§ Work order: The entries are to be printed again word for word, but no picture may appear.

§ Data provided:

────────────────────

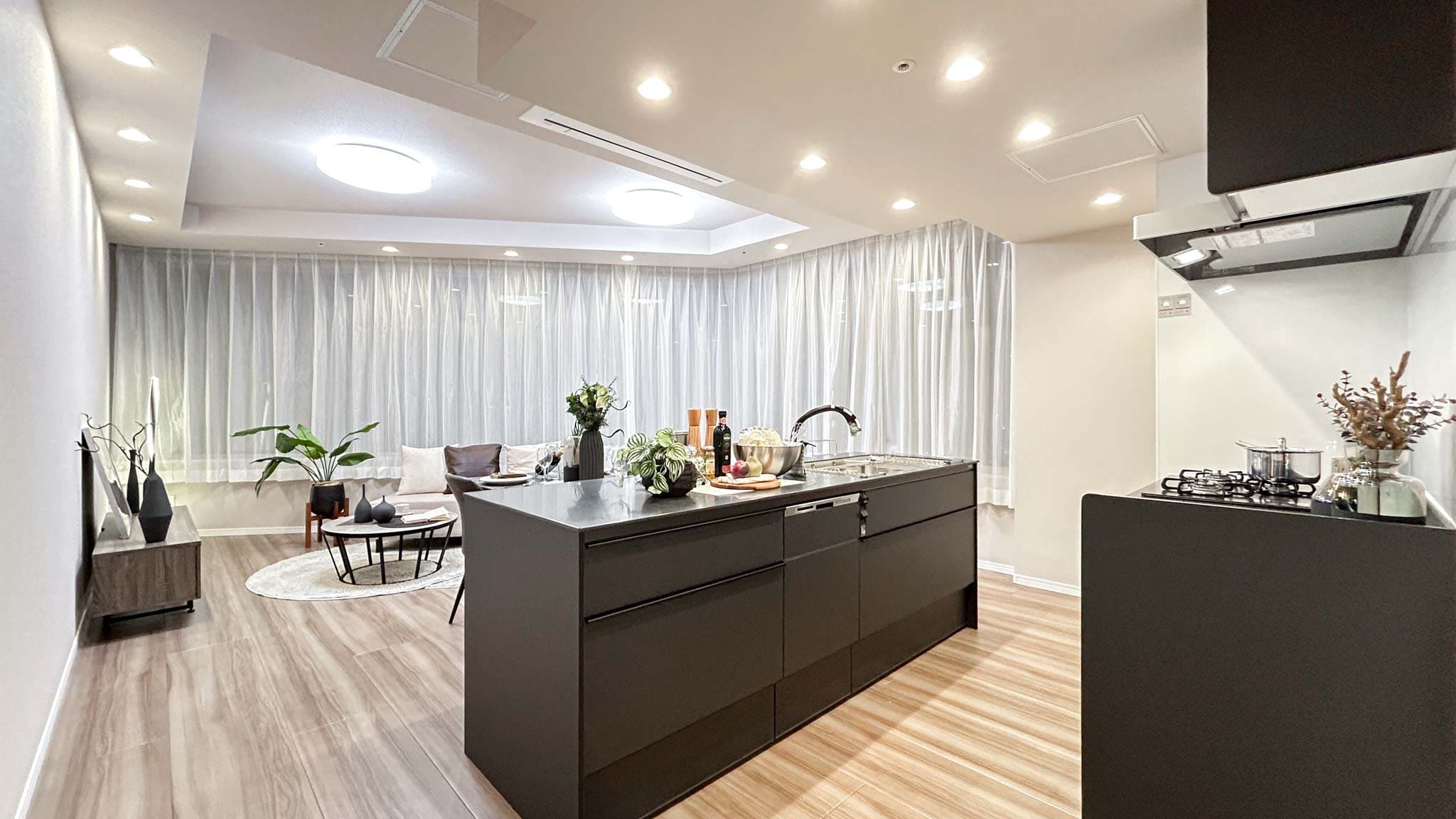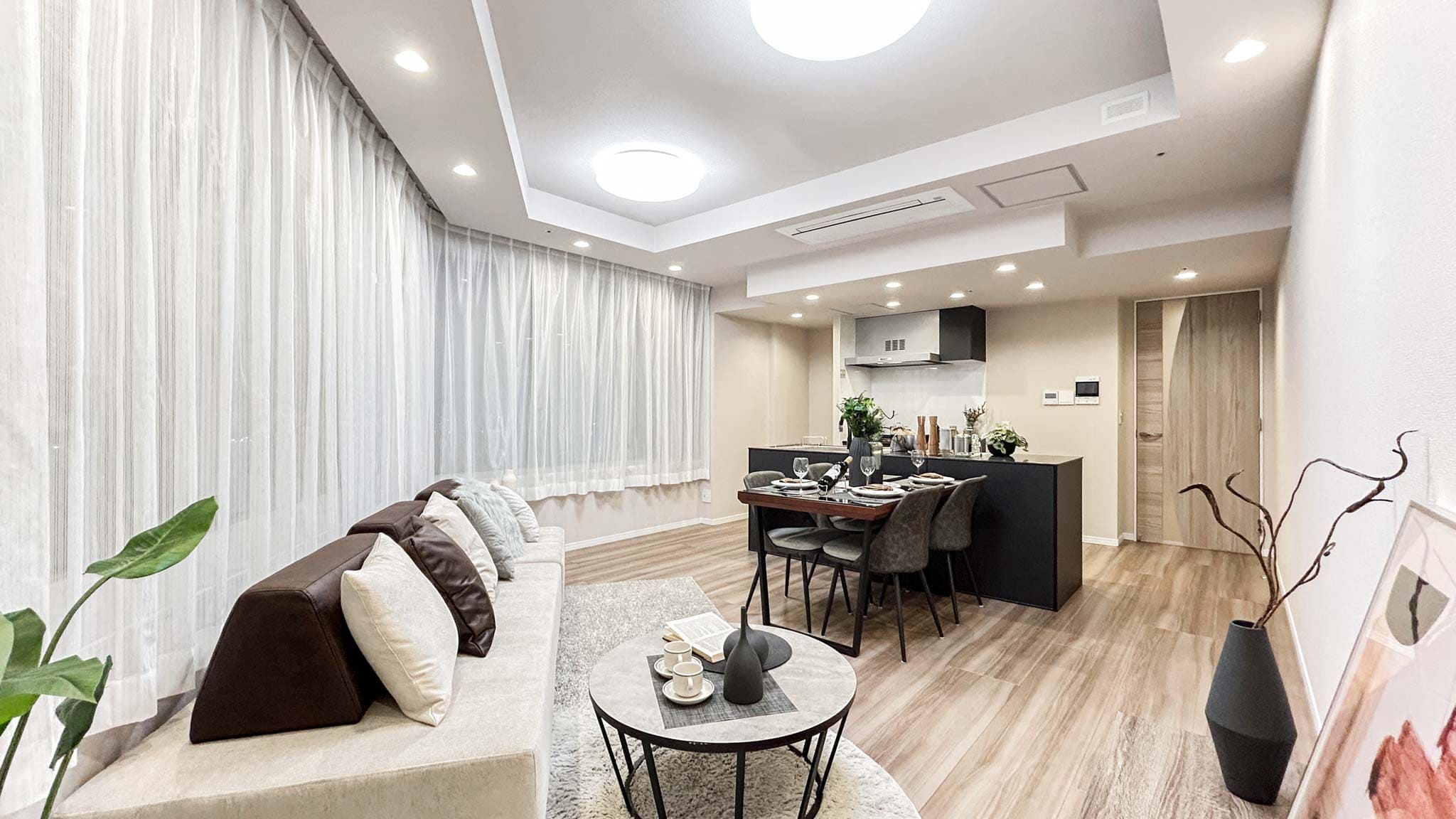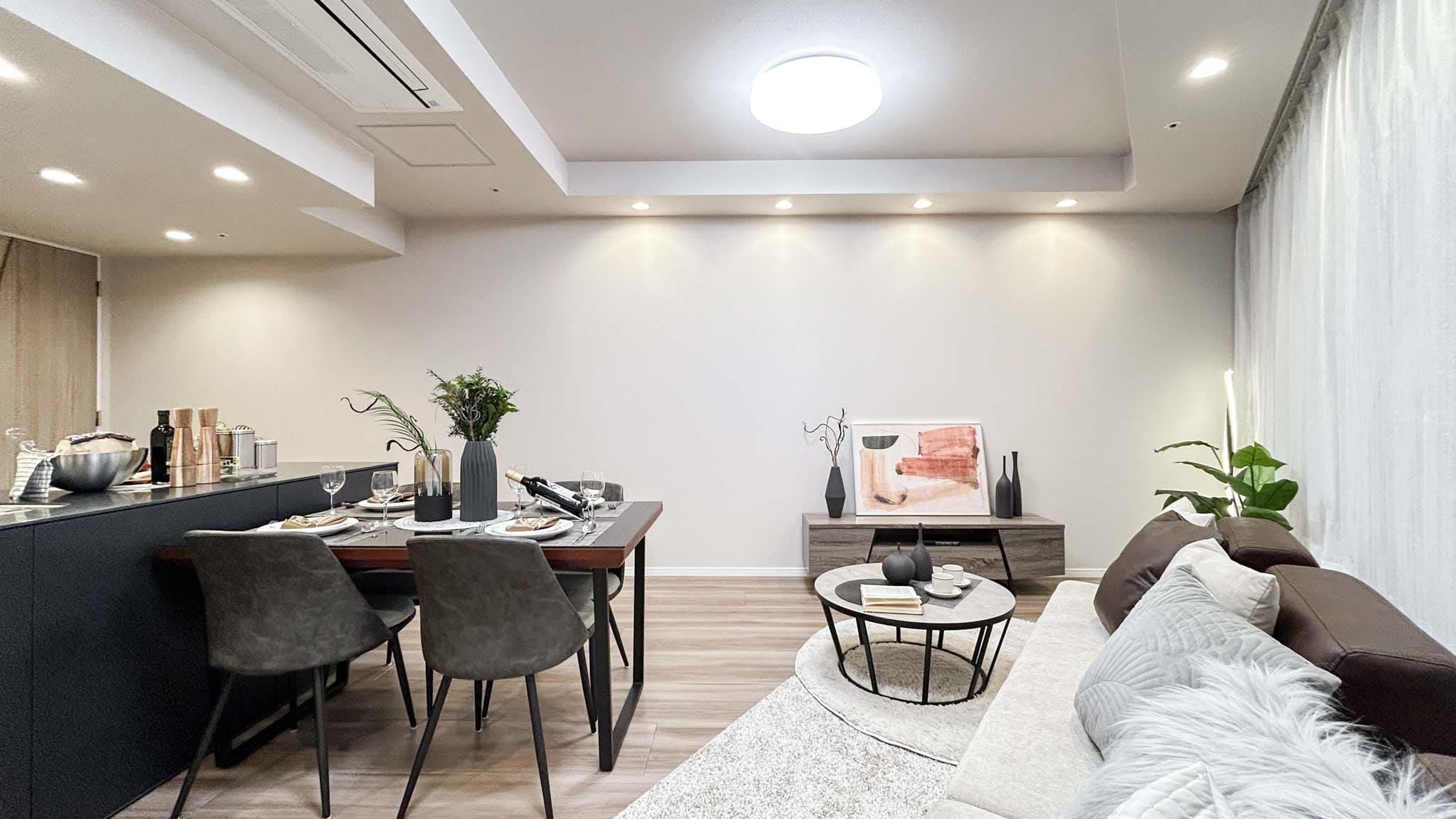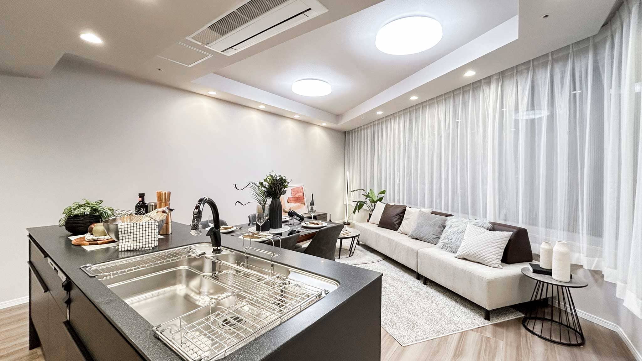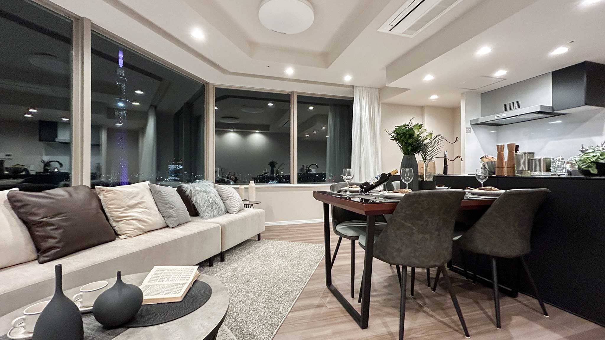約18.9帖の広々としたリビングダイニングキッチンは、窓に囲まれた開放感溢れる空間。東京スカイツリーが存在感を放ち、夜には幻想的な景色を楽しむことができます。天井は折り上げ天井になっていてお部屋に奥行きをもたらし、エアコンは埋め込み式のため、すっきりとした印象にしてくれますよ。
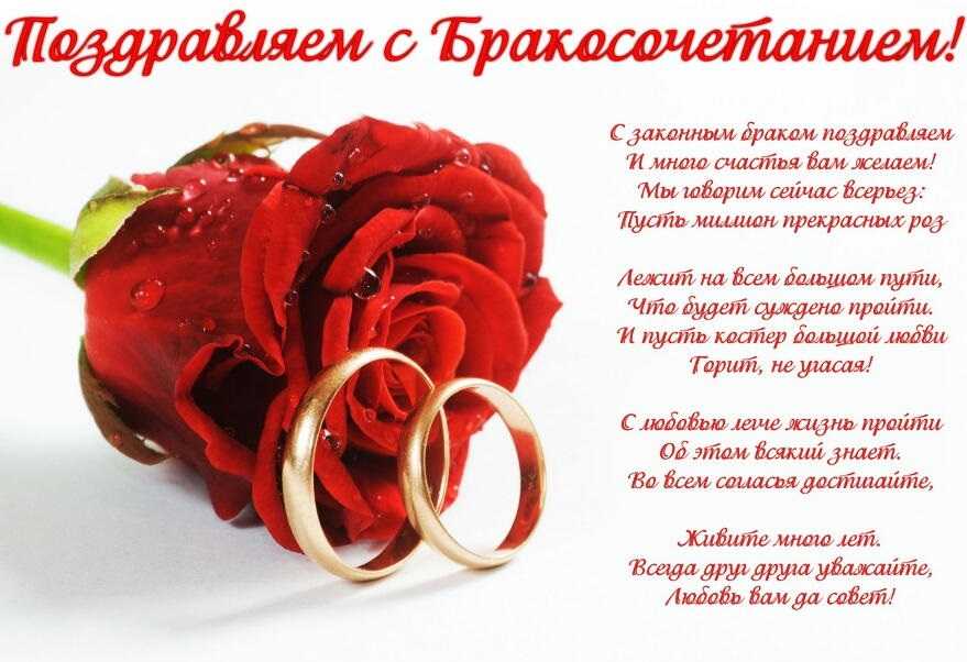 С законным браком поздравляем!Любви и радости желаем,Чтоб жили в мире и достатке,Чтоб отношения были гладки.Чтоб вечерами не скучали,В кроватке деток вы качали,Щедры чтоб были и богаты,Вдвоем встречали все закаты.Чтоб не встречаться вам с разлукой,Детей растить, дождаться внуков.До свадьбы вашей золотойДойдите оба с теплотой!
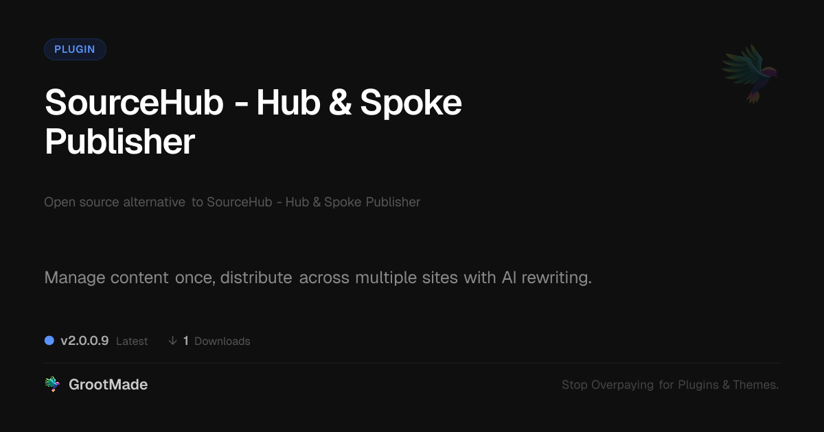 GrootMade is not affiliated with SourceHub - Hub & Spoke Publisher and provides an open-source alternative.
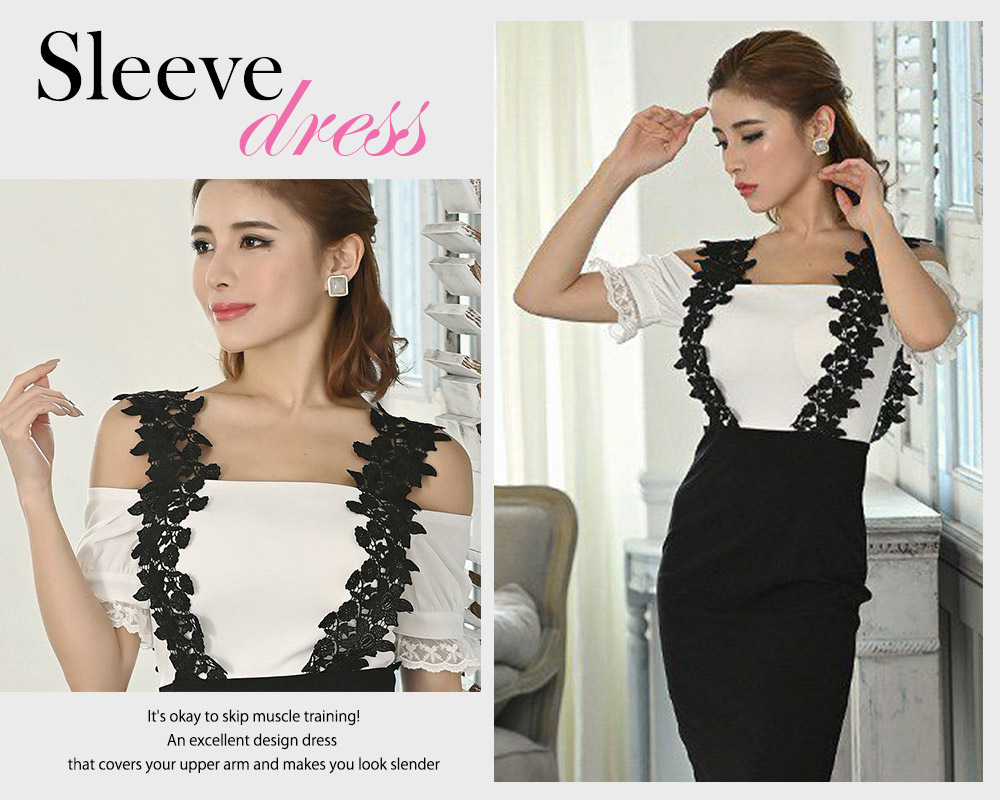 • 二の腕カバーも叶う!レース袖×立体刺繍のSexyミニドレス
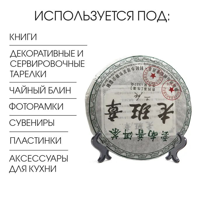 Набор подставок для декоративной тарелки - идеальное решение для стильного и функционального хранения ваших любимых предметов. Эти элегантные подставки станут прекрасным дополнением к вашему интерьеру и помогут организовать пространство на кухне, в гостиной или спальне. В набор входят 5 подставок высотой 15 см, выполненных из прозрачного пластика. Складная подставка, предназначенная для хранения прессованного Пуэра в виде блина. Чайный блин на подставке будет надежно удерживаться в вертикальном положении. Такая эстетичная конструкция не только позволит правильно сохранить Пуэр, но и послужит украшением интерьера. Подставка идеально подходит для чайных блинов диаметром 19 см, а также для сувениров, тарелок и других предметов. Благодаря своей прочности, подставки надежно удерживают вашу посуду, предотвращая ее падение и повреждение. Раздвижные устойчивые ножки длиной 5,5 см позволяют регулировать наклон устанавливаемого предмета. Черный цвет подставки, позволяет гармонично вписываться в любой интерьер, не отвлекая внимания от основного предмета. Это делает их идеальным подарком для друзей и близких, ценящих стиль и уют в доме. Набор подставок - это функциональность, стиль и практичность в одном флаконе. Приобретая этот товар, вы получаете возможность украсить свой дом и сделать его более комфортным и уютным.

────────────────────

§ Solution to the exercise:
約18.9帖の広々としたリビングダイニングキッチンは、窓に囲まれた開放感溢れる空間。東京スカイツリーが存在感を放ち、夜には幻想的な景色を楽しむことができます。天井は折り上げ天井になっていてお部屋に奥行きをもたらし、エアコンは埋め込み式のため、すっきりとした印象にしてくれますよ。
 С законным браком поздравляем!Любви и радости желаем,Чтоб жили в мире и достатке,Чтоб отношения были гладки.Чтоб вечерами не скучали,В кроватке деток вы качали,Щедры чтоб были и богаты,Вдвоем встречали все закаты.Чтоб не встречаться вам с разлукой,Детей растить, дождаться внуков.До свадьбы вашей золотойДойдите оба с теплотой!
 GrootMade is not affiliated with SourceHub - Hub & Spoke Publisher and provides an open-source alternative.
 • 二の腕カバーも叶う!レース袖×立体刺繍のSexyミニドレス
 Набор подставок для декоративной тарелки - идеальное решение для стильного и функционального хранения ваших любимых предметов. Эти элегантные подставки станут прекрасным дополнением к вашему интерьеру и помогут организовать пространство на кухне, в гостиной или спальне. В набор входят 5 подставок высотой 15 см, выполненных из прозрачного пластика. Складная подставка, предназначенная для хранения прессованного Пуэра в виде блина. Чайный блин на подставке будет надежно удерживаться в вертикальном положении. Такая эстетичная конструкция не только позволит правильно сохранить Пуэр, но и послужит украшением интерьера. Подставка идеально подходит для чайных блинов диаметром 19 см, а также для сувениров, тарелок и других предметов. Благодаря своей прочности, подставки надежно удерживают вашу посуду, предотвращая ее падение и повреждение. Раздвижные устойчивые ножки длиной 5,5 см позволяют регулировать наклон устанавливаемого предмета. Черный цвет подставки, позволяет гармонично вписываться в любой интерьер, не отвлекая внимания от основного предмета. Это делает их идеальным подарком для друзей и близких, ценящих стиль и уют в доме. Набор подставок - это функциональность, стиль и практичность в одном флаконе. Приобретая этот товар, вы получаете возможность украсить свой дом и сделать его более комфортным и уютным.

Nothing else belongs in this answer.